Minnesota: The Risks of a Quick Sale for the Buyer

The Minnesota-based buyer must put down earnest money which increasingly is not returned, even if the property is not awarded to them. Typically the only ways that earnest money can be salvaged is if the appraiser finds that the home is not worth as much as the seller claimed, or if the title to the home cannot be found. Otherwise, the money is gone forever; thus the gamble.

Another side of the gamble is whether the tenant has left the property or not. Often people facing foreclosure tend to take it out on the house when they leave. The buyer may find that appliances, wiring, etc are torn out of the building, requiring much more work up front. The upside to that situation is that if the buyer has an agent and is getting a loan such as an FHA loan, certain rights are afforded to them.

Rights of the Buyer under FHA and Other Loans

To be able to sell the home to someone with an FHA loan in the state of Minnesota, for example, the seller has to ensure that the home is livable, and the basic appliances are left for the new owner. Railings and fire exits also need to be in good condition. The FHA will send out an inspector who looks for different things than a private inspector, and often the loan is not approved until those things are fixed.

The gamble here is that the seller’s bank has no interest in meeting this code and the seller has no incentive to improve the home and likely is not in a position to do so. The buyer may need to figure out a way with the realtor to make the home meet the requirements of the loan. On the upside, many realtors will assist and help with this when the house is vacated, and some sellers are responsible enough to work on the home a bit to avoid the foreclosure by the bank.

The Waiting Game

Once the buyer puts in an offer, the gamble becomes a waiting game. The bank can accept the offer in 2 days, or up to 5 months from the offer, so the buyer cannot continue to shop for homes until the bank has returned an answer. Typically, a quick sale is held in what is called a “redemption period,” where the bank has notified the tenant of foreclosure and they have 6 months to redeem themselves. Typically the only way to do this is to sell the property, thus the quick sale has become a term in realty.

The bank may accept the offer, but typically will not pay for closing costs, like in a typical transaction. They may cover up to 3% of the sale price to go toward closing, which almost invariably means the buyer needs to come up with more money.

The Closing and Buyer’s Responsibilities

The closing is typical of any real estate closing; the buyer has had an inspection at their expense, the buyer has proof of the first year’s insurance paid, the buyer signs all the paperwork and gets the keys to the property.
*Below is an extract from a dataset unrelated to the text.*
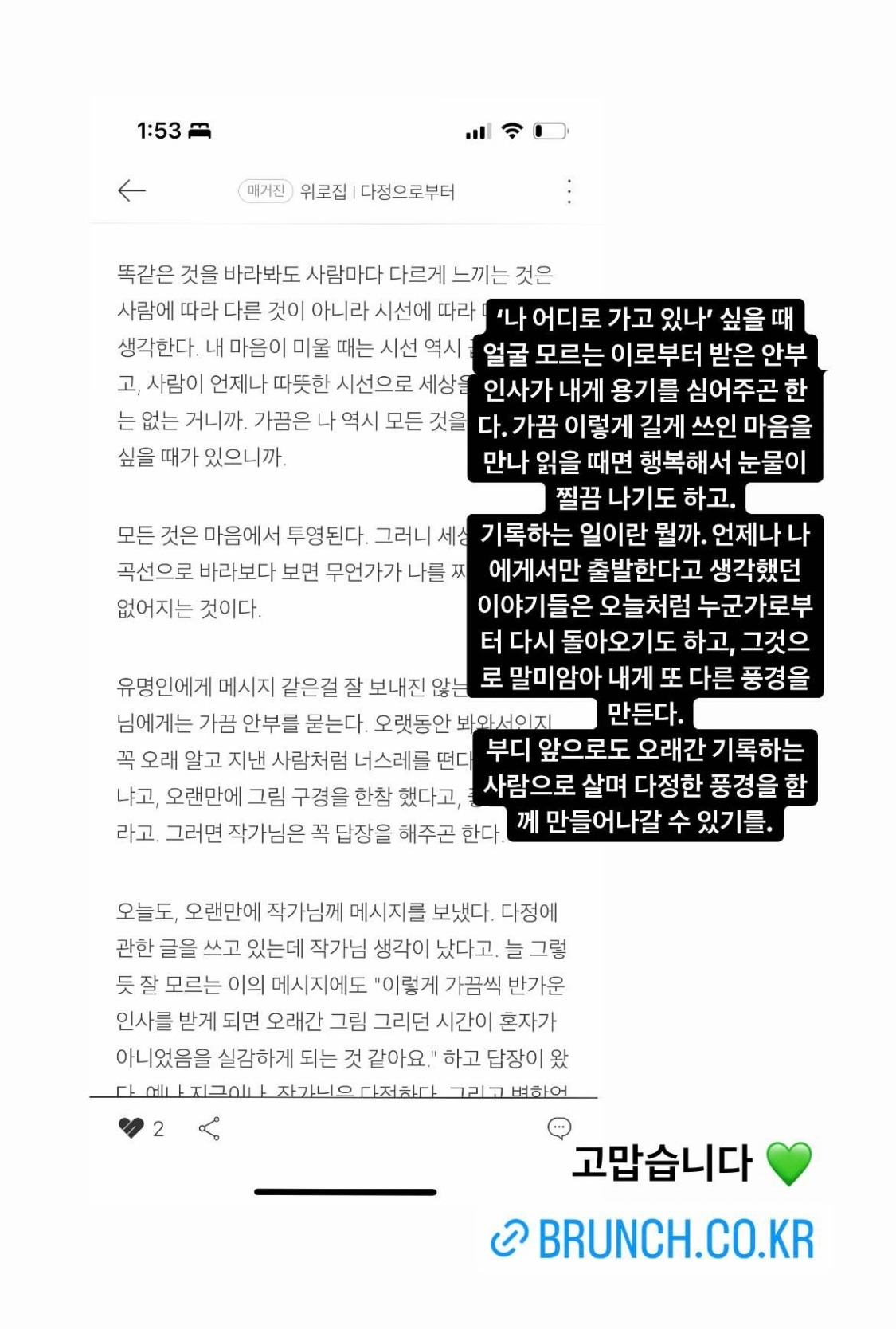 친분이 없는 사람에게 메시지 같은걸 잘 보내진 않는데 이 작가님에게는 가끔 안부를 묻는다. 오랫동안 봐와서인지 꼭 오래 알고 지낸 사람처럼 너스레를 떤다. 잘 지내시냐고, 오랜만에 그림 구경을 한참 했다고, 좋은 밤 되시라고. 그러면 작가님은 꼭 답장을 해주곤 한다.

It is then they go to the property and find out if their gamble paid off; there really shouldn’t be any surprises, because if the tenant has destroyed things, the loan wouldn’t go through in the first place, if the buyer used an FHA loan.

The stakes get higher when other loans or cash are used for the sale. If the buyer has cash, it may be better to wait until the home goes into foreclosure and buy it for an even smaller amount. However, that carries a set of risks with it as well, especially in the state of Minnesota.

A quick sale can be a good gamble; when the risks are worth the investment, it could be a great thing. There are many variables that could increase the risks, and any first time home buyer should really use the services of an agent to advocate for them, preferably one from a different company than the seller’s agent, to avoid a conflict of interest on the agent’s part.

A good realtor will be an advocate for the buyer and also ensure that the buyer is well informed of the risks. A realtor who works for the company selling the home will be an advocate for buyer and seller, with loyalty to the seller.